Раньше, в холостяцкой своей жизни, я мог засыпать как угодно и на каком угодно боку. Однажды я даже заснул, стоя на четвереньках перед диваном и положив на него голову, поскольку не имел сил положить на него все остальное. А уже после того, как женился, меня приучили засыпать именно на правом боку. Причиной этого было то, что на нашем диване спать вдвоем можно было только в этом положении. А поскольку моя жена могла засыпать только на правом боку, то приучила к этому и меня. После всяких нежностей и прочих веселых приготовлений ко сну, она, в завершение всего, командовала: "На-пра-во! Раз-два-три!" На счет "раз" – я оказывался на левом боку, на счет "два" – на спине и уже на счет "три" – носом к стенке, на правом боку. Иногда, правда, это происходило не по команде и без резких движений или даже без движений вообще, а так – само собой...
Мы бросили сумки на выбранные нами койки и пошли смотреть, как разместились наши привилегированные товарищи.
Товарищи, оказывается, нас уже ждали, глядя с высоты своего положения на то, как мы неуклюже карабкаемся по трапу – деревянной лестнице, переброшенной на наш кораблик с теплохода. "Никакого флотского шику", – комментировал наше восхождение Ильин.
– Ну, как каюты? – спросил Мишка, ступив на палубу теплохода первым.
– Одноместные, – ответил Ильин. – Как и положено командному составу. Прошу, – пригласил он нас в свою каюту.
Маленькая каютка с железной кроватью и деревянной тумбочкой ничем нас не поразила. Тем более, что в ней ощущалась вибрация и был слышен гул работавшей внизу судовой машины. И к тому же в ней было холодно. В нашем – пускай и общем – кубрике было лучше, но мы об этом говорить не стали, чтобы Ильин не потребовал немедленного "честного" обмена.
Каюта у Юры была такой же.
Мы вышли на палубу и закурили в ожидании приглашения на ужин. От воды тянуло холодом, и мы начали потихоньку замерзать. Мимо сновали какие-то люди, видимо – матросы: они, так же как и встретивший нас парень, были в кирзовых сапогах и ватниках и не обращали на нас никакого внимания.

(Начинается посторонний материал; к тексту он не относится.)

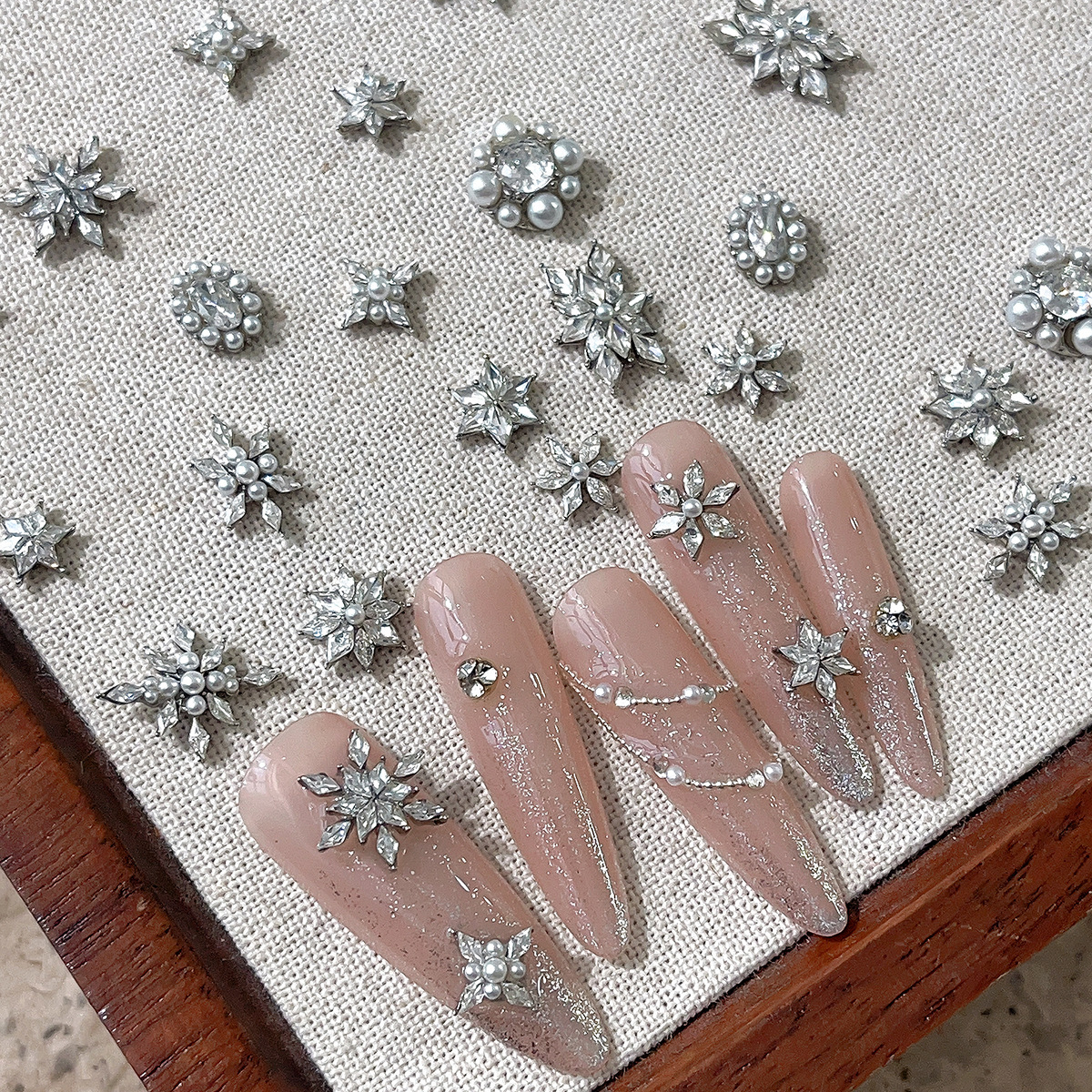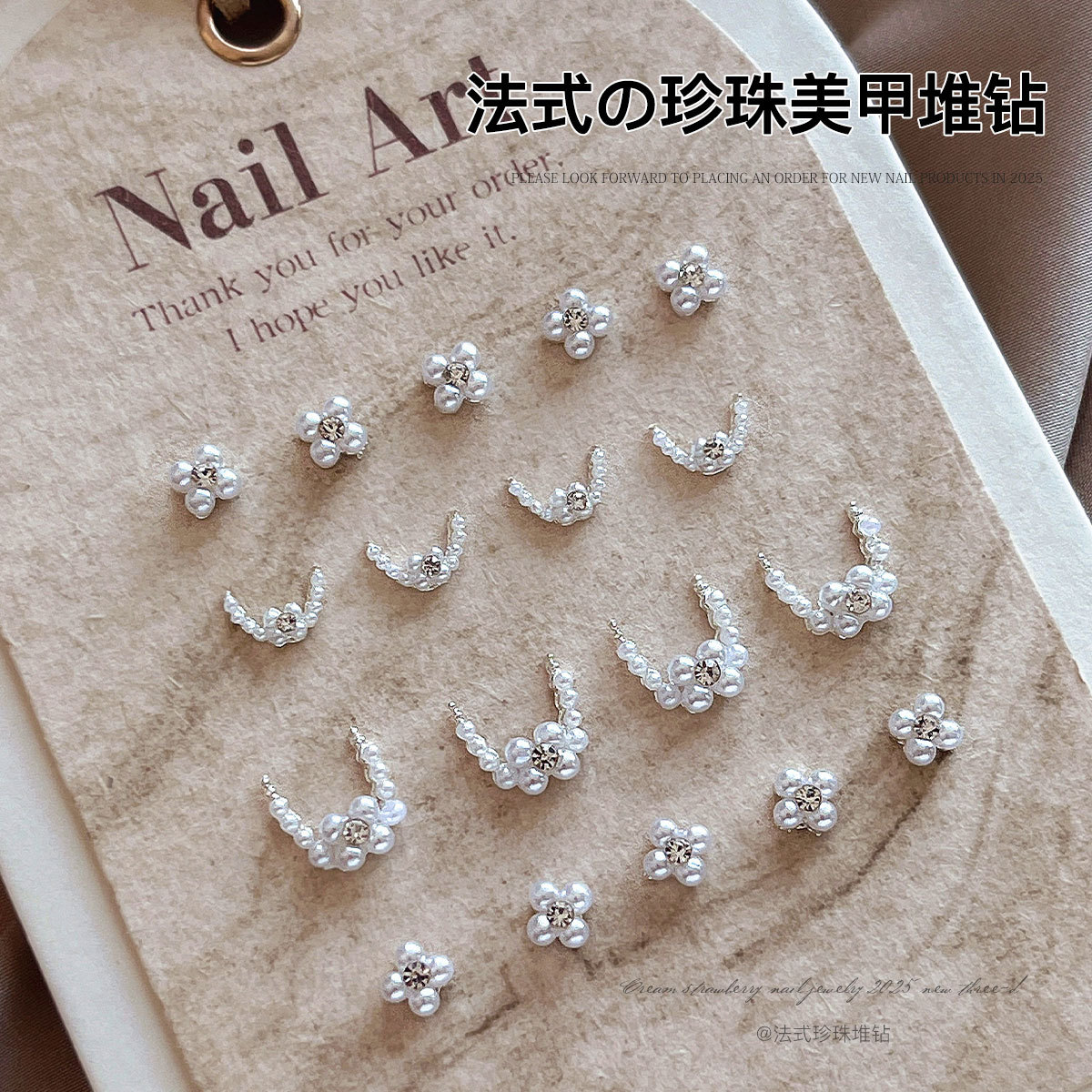 フレンチパールネイルアートジュエリー 2025 新しい立体ダイヤモンドフラワー小さな三日月パイルダイヤモンドネイルダイヤモンド装飾卸売

Насмотревшись сверху на уходившую в темноту реку, накурившись и окончательно оголодав, мы решили подняться на вторую палубу и выяснить, когда же у них на корабле по распорядку ужин. Мы поднялись по трапу на верхнюю палубу и, увидев светившиеся квадратные окна кают-компании, находившейся в носовой надстройке, пошли на этот свет, словно путники, заблудившиеся в ночи.
– Стой! – раздалось откуда-то из темноты, и перед нами появилась рослая фигура в расстегнутом пиджаке. – Чего надо? – не очень дружелюбно спросили нас.
– Как бы узнать, где тут у вас ужином кормят? – поинтересовался шедший впереди всех Ильин. – Он показал на часы. – Бай-бай пора...
– Подождите здесь, – ответила фигура и исчезла за боковой дверью надстройки.
– Вот это гостеприимство, – усмехнулся Ильин.
Мы молча стояли за его спиной, и нам было тоскливо.
Фигура появилась вновь и спросила:
– Кто из вас командир и штурман?
– Есть такие, – неуверенно ответил Ильин.
– Короче – кто? – рассердилась фигура.
– Юра? – позвал Хуркова Ильин.
– Ну, я командир, – отозвался Хурков. – Дальше что?
– Пошли со мной, – фигура повернулась к нам спиной.
Юра не сдвинулся с места, и Ильин, готовый уже идти следом за фигурой, вопросительно на него посмотрел.
– В чем дело? – спросила фигура, задержавшись перед дверью.
– А остальные? – спросил Юра.
– Остальных накормят матросы.
Юра посмотрел на Ильина и сказал:
– Иди, если хочешь. Я остаюсь.
– Как скажете, – ответил Ильин и, пожав плечами, скрылся за дверью.
– Забирай-ка ты, Юрка, свои манатки и айда к нам, – тронул мрачного командира за плечо Мишка. – Сейчас чего-нибудь придумаем, – весело сказал он. -У Лехи еще хлеб остался, у Вадика сало есть, у меня тоже где-то НЗ тушенки...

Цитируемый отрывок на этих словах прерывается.